Sulle colline furono posizionate tutte le macchine da guerra in attesa dell’arrivo dei barbari, che procedevano lentamente e in grande silenzio. Essi, come avremmo visto più tardi, si erano colorati il volto di nero, neri erano gli scudi e nere le mantelle.
Quando videro i nostri fuochi non persero tempo a lanciare frecce, ma vennero alla carica con la cavalleria leggera, lanciando terribili grida di guerra, ma Lusio Quieto era pronto e al suo comando la cavalleria si diede alla fuga attirando ancora più all’interno della valle i Quadi assetati di sangue e bramosi di vendetta.
A questo punto entrarono in azione le macchine da guerra che, in parte perché la valle era rischiarata dai fuochi che i nostri avevano acceso, in parte perché la valle era molto stretta, fecero una grande strage dei nemici.
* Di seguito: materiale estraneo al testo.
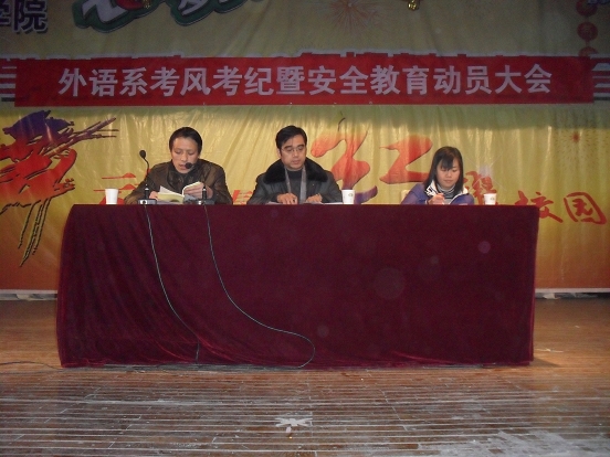 隨著期末考試和寒假的臨近,為進一步加強學風建設,嚴明考試紀律和提高學生的冬季安全防范意識,2010年1月10晚,外語系在東校區(qū)大禮堂召開了考風考紀暨安全教育動員大會,系黨總支書記李巖、輔導員周靜老師以及全體在校學生參加了動員大會,會議由系學工辦主任任森龍主持。
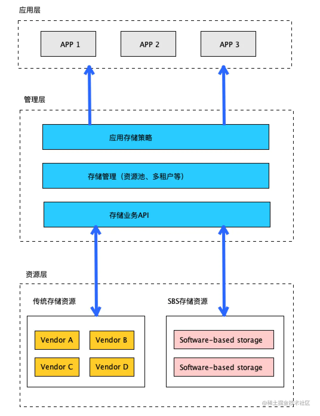 - 传统软硬件一体的存储资源
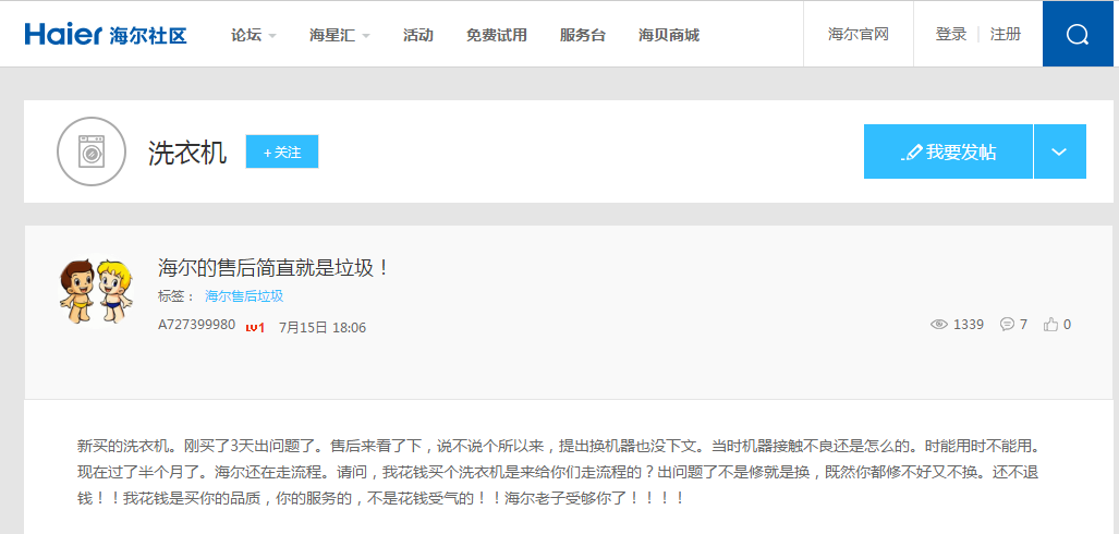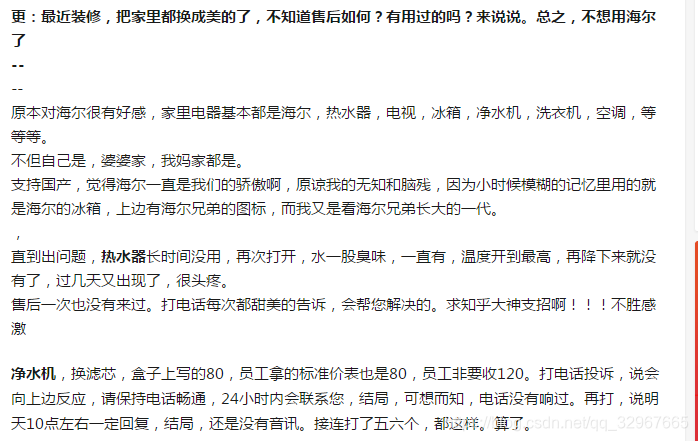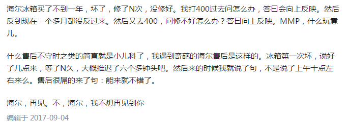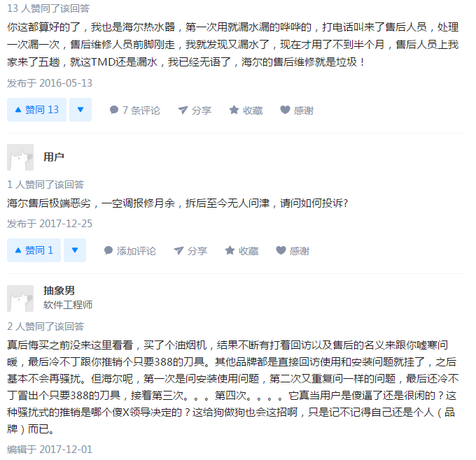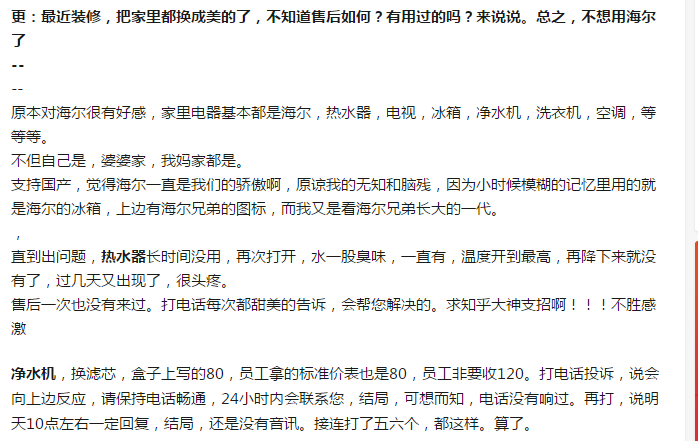 实在没办法了就想着上网查下电视什么原因吧,看看自己能不能修,有的网友说这种情况基本上是电容坏了,几十块的东西,保修期内的话不要钱,我家电视因为还没到一年所以在保修期,但没人管你又有什么用呢?结果在那篇帖子下面有好多人在骂海尔的服务,于是就跟帖看了下,又上百度贴吧和天涯知乎看了下,为了客观我甚至去海尔的售后官网看了下,很有意思等下给大家看,我们先来看看买过海尔产品的消费者对这个国货大牌是如何看待的吧

Frattanto i Romani avevano bloccato con tronchi d’albero la via per la quale i barbari erano entrati nella valle e dietro questi tronchi i nostri arcieri colpivano i nemici senza pietà.
Pochi cavalieri Quadi riuscirono a forzare il nostro sbarramento.
In meno di un’ora si compì il fato dei Quadi.
Nella notte ancora scura si udivano i lamenti dei feriti e ancora più orrendi i nitriti dei cavalli morenti.
Quando cominciò ad albeggiare i nostri poterono contare i morti e i feriti nemici.
I morti furono 2.000, i feriti oltre 3.000 e 2.000 uomini rimasti senza cavalcatura furono presi prigionieri.
III
Quando la notizia del disastro fu portata al campo dei Quadi le loro donne, che accompagnano i guerrieri anche in guerra, alzarono strazianti grida di dolore.
Traiano impietosito mandò presso i Quadi alcuni prigionieri con un suo messaggio: “Se essi volevano potevano venire a prendere i feriti, a reciproca garanzia avrebbero potuto scambiarsi degli ostaggi”.
I Quadi temevano che questo potesse essere un inganno, ma infine lo scambio degli ostaggi li convinse della buona fede di Traiano.
Tutto si svolse nel massimo ordine.
I feriti caricati su carri furono riportati nel campo dei barbari, i morti furono arsi su grandissime pire.
Questa tremenda sconfitta gettò i Quadi nello sconforto, perché ormai vedevano che i Romani leggevano nel loro pensiero e prevedevano le loro mosse.
A nulla valeva il coraggio, a nulla il valore.
Infine queste popolazioni sono preda delle più incredibili superstizioni tanto che andavano dicendo che gli stessi dei immortali guidavano i Romani, poiché gli Suebi solo agli dei immortali sono secondi.
Completamente scoraggiati mandarono una ambasceria a Traiano chiedendo una tregua perché si potessero ritirare nel estremo nord del paese, restasse Traiano padrone delle loro terre, ma lasciasse loro almeno la vita.
Marco Ulpio dubitava della loro buona fede, visto che i 4.000 catafratti si erano salvati, ma ormai l’estate si avviava al termine e non conveniva protrarre oltre i combattimenti, concesse dunque che essi si ritirassero a Nord e di fonte alle loro terre edificò il V campo.
In realtà Traiano non era interessato ne’ a occupare le terre dei Quadi, ne’ ad annientare un popolo che per lunghi anni era stato un fedele alleato del popolo Romano, ma fin tanto che non fossero stati sconfitti anche i Marcomanni e gli Iazigi, voleva che le terre dei Quadi fossero libere da nemici e allo stesso tempo voleva avere la possibilità di assalire i Marcomanni per un'altra via e non solo attraversando il Danubio.
La notizia della resa dei Quadi fu portata a Roma e diede grande gioia a Domiziano, che per altre ragioni era crudamente angustiato.